**Excerpted records**.
=== Section Start ===
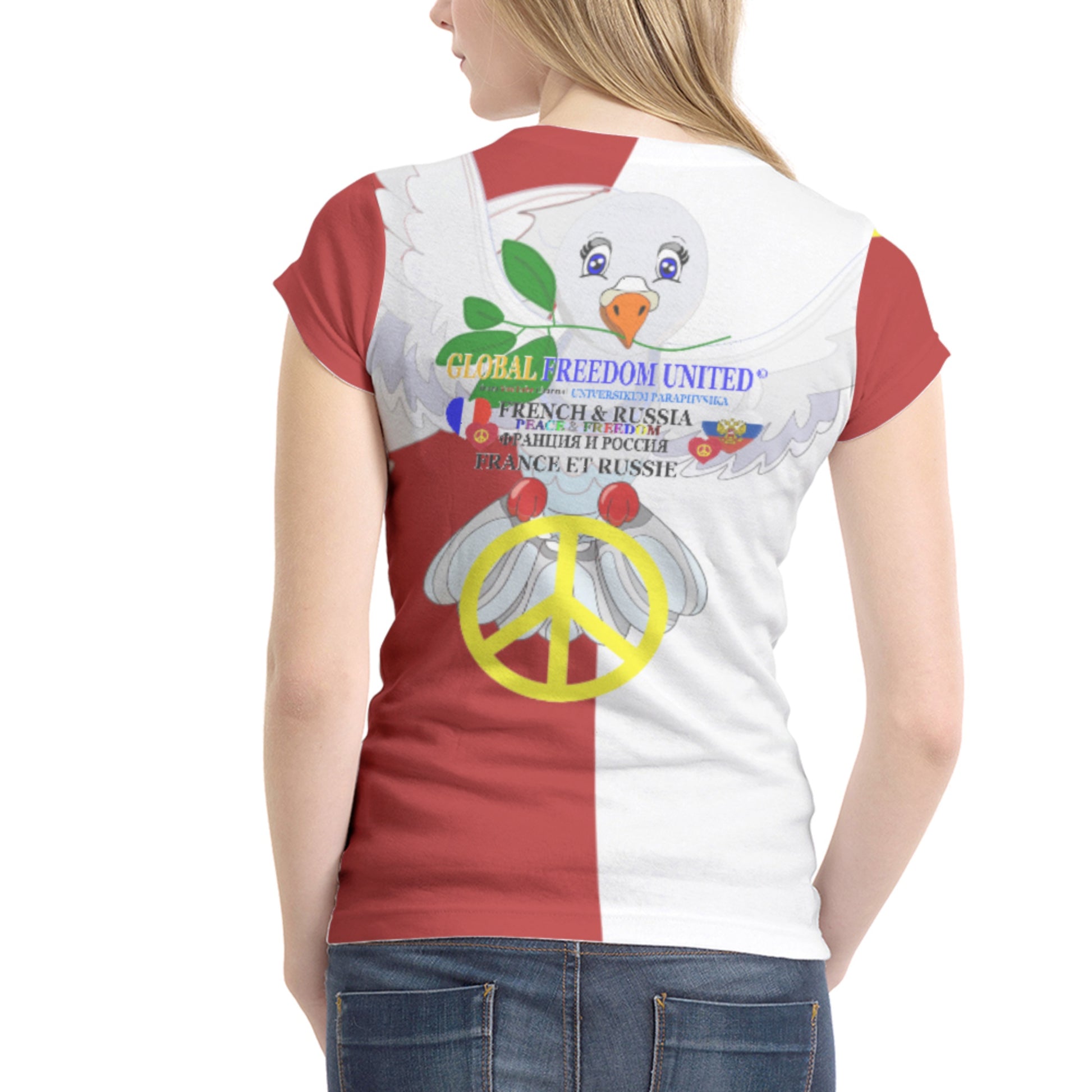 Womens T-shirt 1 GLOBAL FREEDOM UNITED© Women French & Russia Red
=== Section End ===
=== Section Start ===
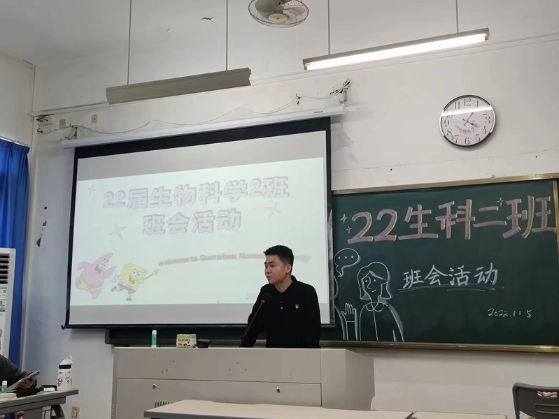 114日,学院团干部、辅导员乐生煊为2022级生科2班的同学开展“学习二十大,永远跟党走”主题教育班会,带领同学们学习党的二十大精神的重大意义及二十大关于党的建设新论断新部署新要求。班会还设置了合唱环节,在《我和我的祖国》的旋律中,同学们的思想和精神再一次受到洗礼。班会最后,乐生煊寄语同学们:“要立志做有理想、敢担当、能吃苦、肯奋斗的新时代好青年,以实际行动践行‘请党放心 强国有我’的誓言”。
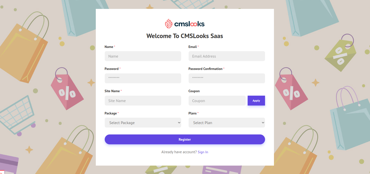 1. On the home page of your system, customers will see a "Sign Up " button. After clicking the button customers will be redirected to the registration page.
=== Section End ===
=== Section Start ===
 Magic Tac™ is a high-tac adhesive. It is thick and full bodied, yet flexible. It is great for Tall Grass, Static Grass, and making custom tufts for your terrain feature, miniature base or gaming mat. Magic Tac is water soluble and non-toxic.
=== Section End ===
**Aim of the exercise**.
Give again the stretch of lines above from the one with "114日,学院团干部、辅导员" through the one with "1. On the home", both ends kept, and copy no pictures.

**Output**.
 114日,学院团干部、辅导员乐生煊为2022级生科2班的同学开展“学习二十大,永远跟党走”主题教育班会,带领同学们学习党的二十大精神的重大意义及二十大关于党的建设新论断新部署新要求。班会还设置了合唱环节,在《我和我的祖国》的旋律中,同学们的思想和精神再一次受到洗礼。班会最后,乐生煊寄语同学们:“要立志做有理想、敢担当、能吃苦、肯奋斗的新时代好青年,以实际行动践行‘请党放心 强国有我’的誓言”。
 1. On the home page of your system, customers will see a "Sign Up " button. After clicking the button customers will be redirected to the registration page.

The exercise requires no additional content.